This is Music That I’ve Written EP by Kurt Andrew


After a three-year hiatus, Kurt Andrew of Rochester, NY, has released a new EP titled, “This is Music That I’ve Written”. This is an intricate mix of electronic, alternative and ambient with literal ambient noises coming through on the recordings. The unconventional rattling, scraping, beeping sounds used in the beat makes it evident that these are experimental recordings, exploring multiple angles of instrumentation within a small amount of songs. The improvisational style of composing Andrew uses on this album comes through in these tracks with some unusual syncopations but it doesn’t sound disorganized or uncrafted. He puts emphasis on the initial creative output as opposed to refining and rewriting the music, much like stream of conscious writing. In a self-published article about the composing of this album he writes, “The object is to ignore pre-conceived ideas, to not obsess over a specific process or method, and simply let it come as naturally as possible. There is a strength and patience in the simple act of letting go.” We don’t always get an insight into the artist’s composing process but I felt it necessary to mention this because a lot of artists struggle with perfectionism and it’s inspiring to see this successful push to break away from that and keep to raw artistic expression in its purest form. This sentiment is reflected in the chosen title for the EP as well, which seems to boldly say, “Here I am, this is me in the form of musical composition”.

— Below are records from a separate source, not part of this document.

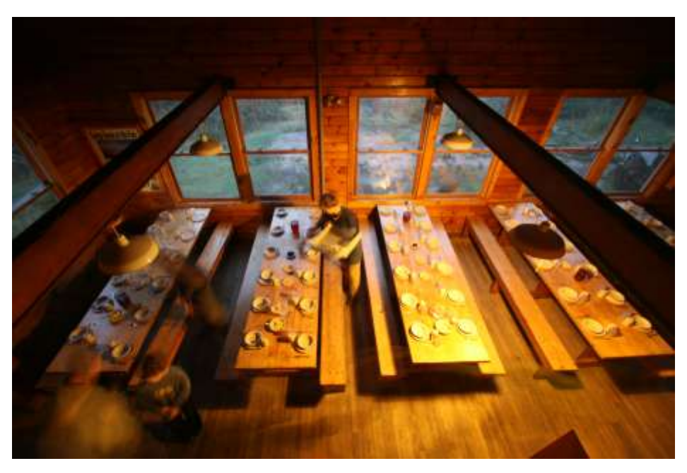
"Flurry of activity at 6 AM" by Christina Han, Connecticut Chapter. Winner of the "AMC in Action" category in the 2011 AMC Photo Contest.

For complete rules and entry instructions, visit <u>www.outdoors.org/photocontest</u>. Entries will be accepted until November 15<sup>th</sup>, with the winners appearing in a spring 2013 issue of AMC Outdoors .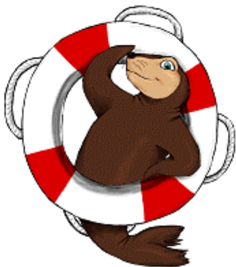
"Seal "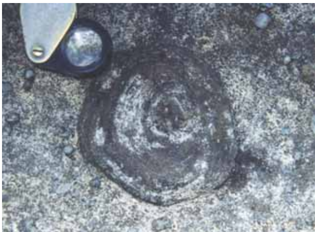
Figure 5A – Carbonate concretion formed by chemical precipitation in the early diagenetic stage. There is iron oxide contribution.

This facies can occur in thin massive layers and in laminated aspect, where it is identified low angle crossed beddings and convolute bedding. The fragments present similar characteristics to those observed in the previous facies. In this case the rock fragments show reduced dimensions of the grains (figure 6).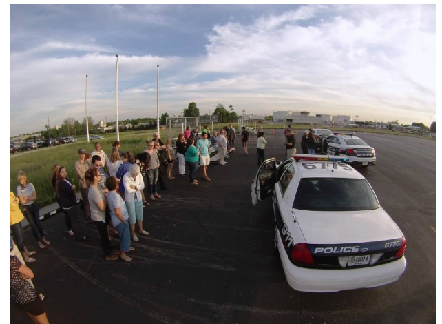
Citizen Police Academy students participating in a Police driving course demonstration.

The next Lexington Citizen Police Academy begins this month. All classes are free.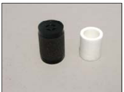
P/N: FRC2S (Replacement Cartridges for P/N: FRGAC)

Two piece set replaces the steel filter bowls on P/N: FRGAC Automatic drains included.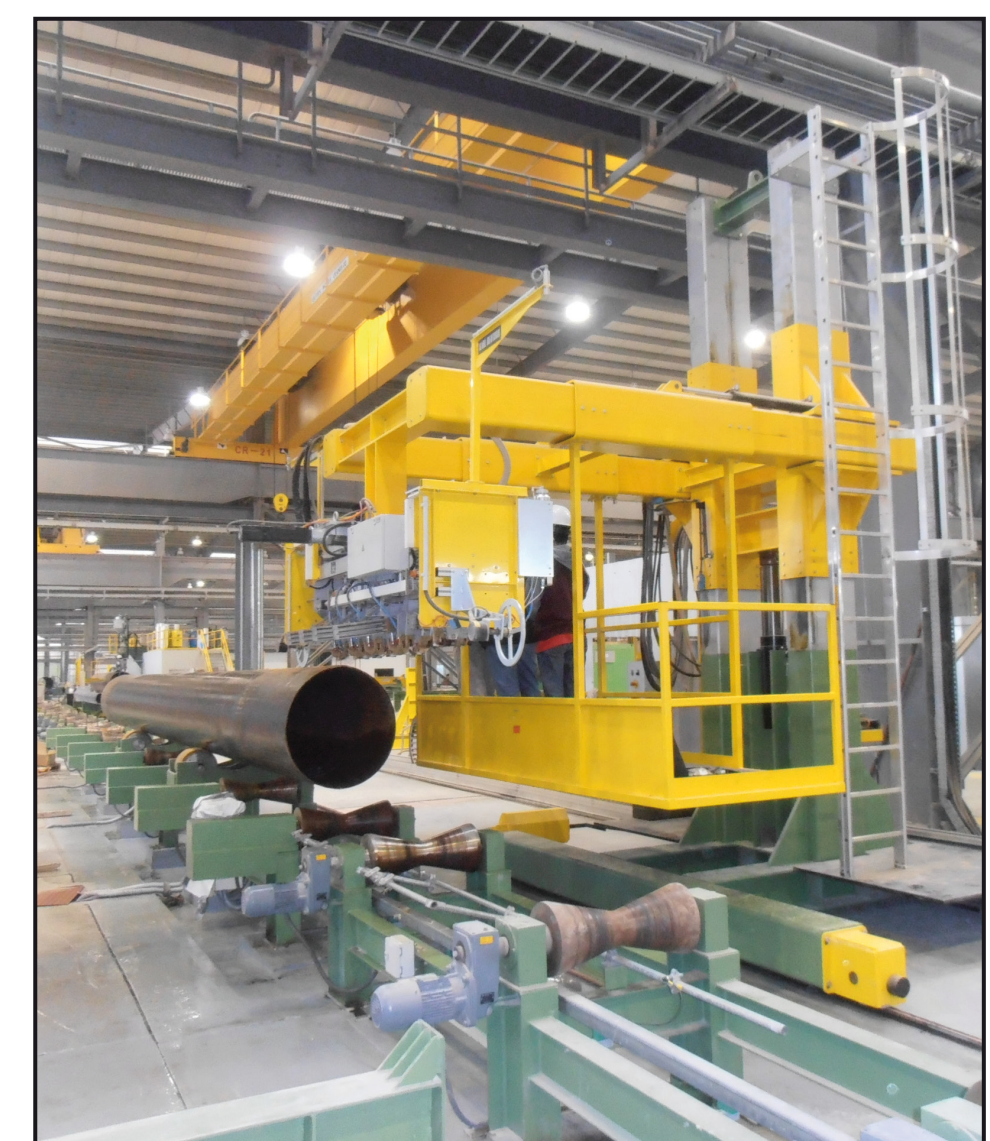
Weld Testing System @ Global Pipe

The unique sequencing of every other track being an instrumental interlude with elegant, classical piano is original and intriguing. It’s a supplement that allows for moments of reflection in between the tracks saturated with vocals and remorseful lyrics that often express a yearning or longing such as, “Let’s go somewhere we’ve never been. Let’s see something we’ve never seen’’. Although, I can’t speak towards Andrew’s specific artistic intent for this back and forth I personally see a reflection of the changing between reality and a dream state, based on the contrast between the more jarring tracks with vocals and the soothing, almost mystical sound of the instrumental.

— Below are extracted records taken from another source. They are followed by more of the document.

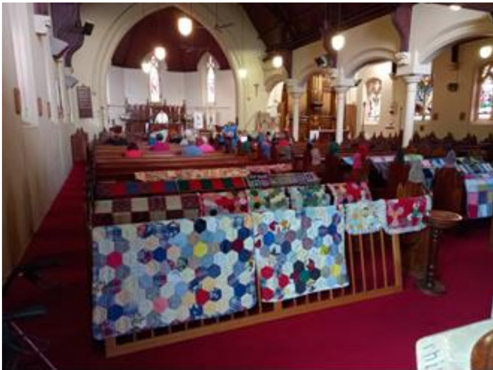
Ballarat quilts – just some of their handiwork given to those in need throughout the year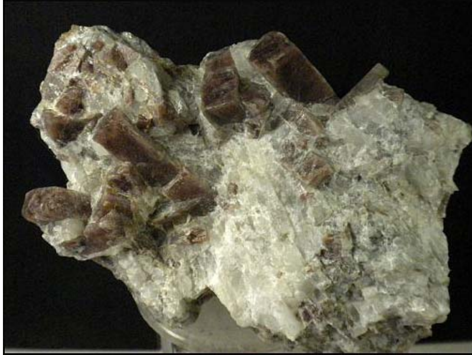
Andalusite in quartz, 10 cm, from the Bregaglia Valley near Chiavenna, Lombardy, Italy.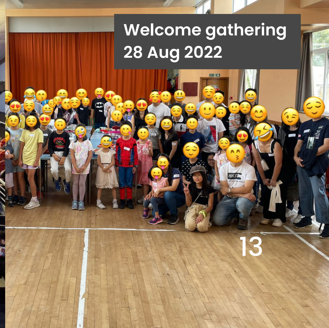
Welcome gathering 28 Aug 2022

I find myself comparing Andrew’s music to Tim Burton films as opposed to other music artists, specifically with the song “Show”, because of the theatrics in the vocals and the sense of nostalgia with a spooky undertone that comes through in these songs. For example, the drum track on “I Can Make A Home Here” seemingly resembles a heartbeat and creates a sense of uneasiness that reflects the lyrics. These deep, somber vocals seem to be exhumed from the depths of an ominous underworld. The music style and lyricism are also slightly reminiscent of Danger Mouse and Sparklehorse’s joint release, “Dark Night of the Soul.” Still I can’t express enough that this is an artistic piece that stands on its own and needs to be treated as one. In spite of the instrumental play here there is still a consistent fluidity throughout and it feels like a finished composition. The audible breath at the very end of the EP is equivalent to the signature on a painted masterpiece.